*** Dataset excerpt Section Begins ***
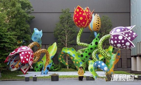 色彩是造型艺术的基本要素之一,而且更是一切视觉元素中最活跃、最具冲击力的因素。草间弥生的作品总是以绚丽缤纷且对比鲜明的色彩来吸引观者的眼球。如1954年的绘画作品《花(D.S.P.S)》(如图5),这幅画主要由红、黄、蓝、黑四种颜色所构成,草间用大面积的黄绘制瓶身,少许红花点缀在其中,在由植物枝叶形状拼接的蓝墨色背景上更显得十分抢眼,使它们在红、黄、蓝三原色对比作用下又形成了鲜明的色彩同时对比。2002年,草间弥生在日本长野县松本市美术馆展出的作品《梦幻的花》(如图6),其中的花卉给人张牙舞爪的感受,并施以高纯度的艳丽色彩,用其一贯的圆点母题进行大小、疏密的排列妆点,使整个用加固玻璃纤维以及混凝土建成的巨型花束显得更加妖娆美丽。
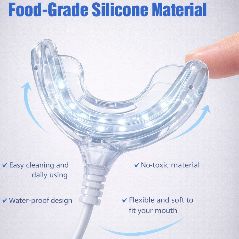 Die ingeslote mondbak is gemaak van buigsame, voedselgraad silikoon vir 'n veilige en gemaklike pasvorm. Dit help om die witmaakgel eweredig in plek te hou en verminder lekkasie tydens behandeling.
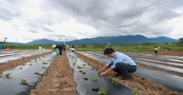 海南核電鄉村振興駐村干部李宜君在種植辣椒苗 劉玄攝
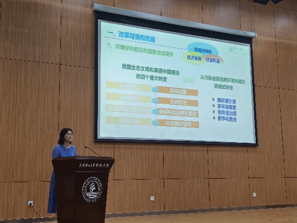 副院长刘薇介绍了学校和学院人才培养改革的背景和思路,介绍了学院新修订的人才培养方案的总体原则、内容设计等,根据新方案的课程设置和任课教师选聘等要求,希望教职工能够加速思想转变,适应时代发展对环境学科人才培养的需求,不断提升学院办学质量和活力。
*** Dataset excerpt Section Ends ***
Task goal ▸ Give back exactly the lines from the line with "海南核電鄉村振興駐村干部李宜君在種植辣椒苗 劉玄攝" through the end of the material above, inclusive, with no pictures.

Task solution ▸
 海南核電鄉村振興駐村干部李宜君在種植辣椒苗 劉玄攝
 副院长刘薇介绍了学校和学院人才培养改革的背景和思路,介绍了学院新修订的人才培养方案的总体原则、内容设计等,根据新方案的课程设置和任课教师选聘等要求,希望教职工能够加速思想转变,适应时代发展对环境学科人才培养的需求,不断提升学院办学质量和活力。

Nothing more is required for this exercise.